■ WHAT THE TASK ASKS
Print the listing exactly as it stands. Skip every picture.

■ SUPPLIED MATERIAL
+++

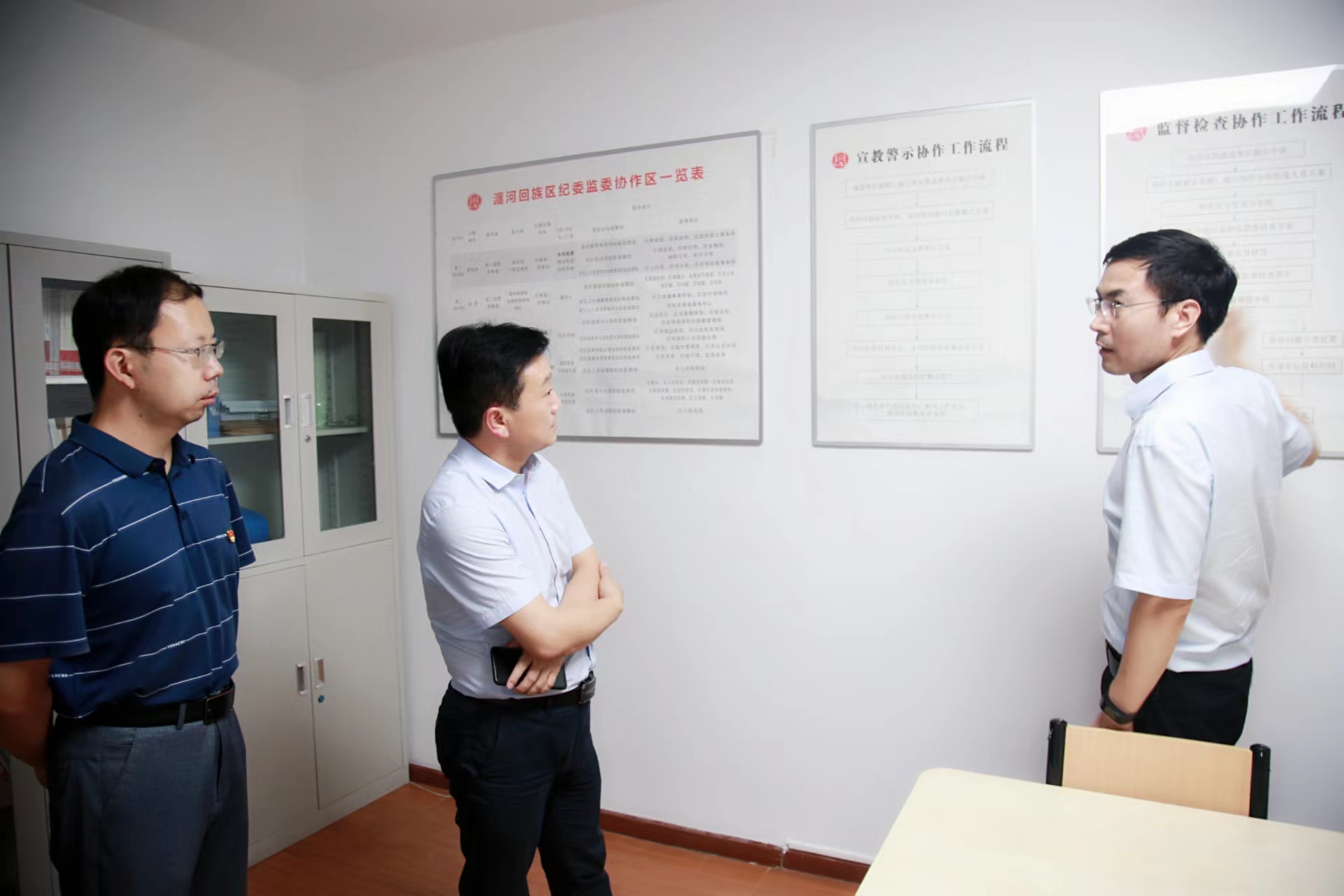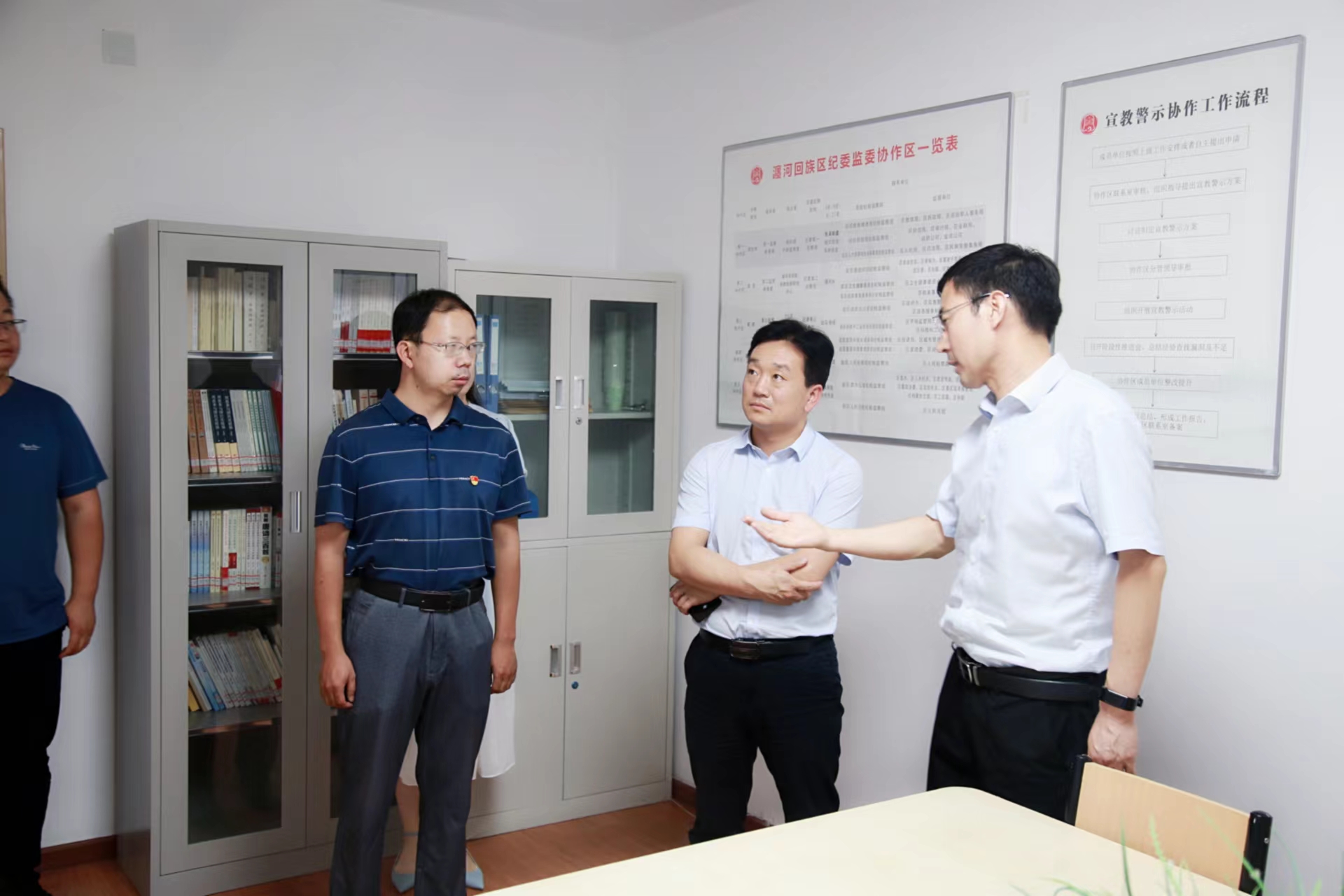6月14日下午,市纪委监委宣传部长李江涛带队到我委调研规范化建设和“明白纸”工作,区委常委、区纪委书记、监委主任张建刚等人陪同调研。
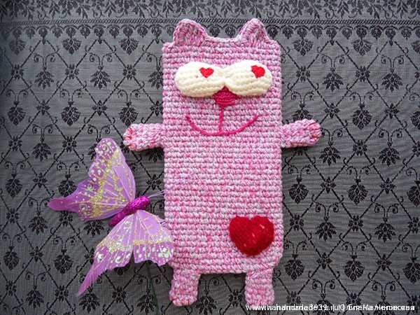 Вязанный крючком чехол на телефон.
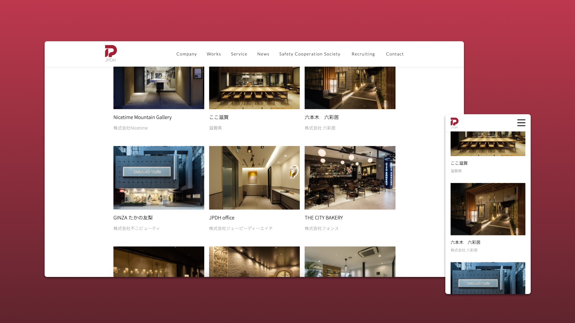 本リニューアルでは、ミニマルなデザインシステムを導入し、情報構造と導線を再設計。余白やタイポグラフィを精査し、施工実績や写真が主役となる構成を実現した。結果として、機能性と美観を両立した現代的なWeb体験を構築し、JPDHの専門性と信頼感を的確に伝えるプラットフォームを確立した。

+++

■ SOLUTION FOR THIS PROBLEM
6月14日下午,市纪委监委宣传部长李江涛带队到我委调研规范化建设和“明白纸”工作,区委常委、区纪委书记、监委主任张建刚等人陪同调研。
 Вязанный крючком чехол на телефон.
 本リニューアルでは、ミニマルなデザインシステムを導入し、情報構造と導線を再設計。余白やタイポグラフィを精査し、施工実績や写真が主役となる構成を実現した。結果として、機能性と美観を両立した現代的なWeb体験を構築し、JPDHの専門性と信頼感を的確に伝えるプラットフォームを確立した。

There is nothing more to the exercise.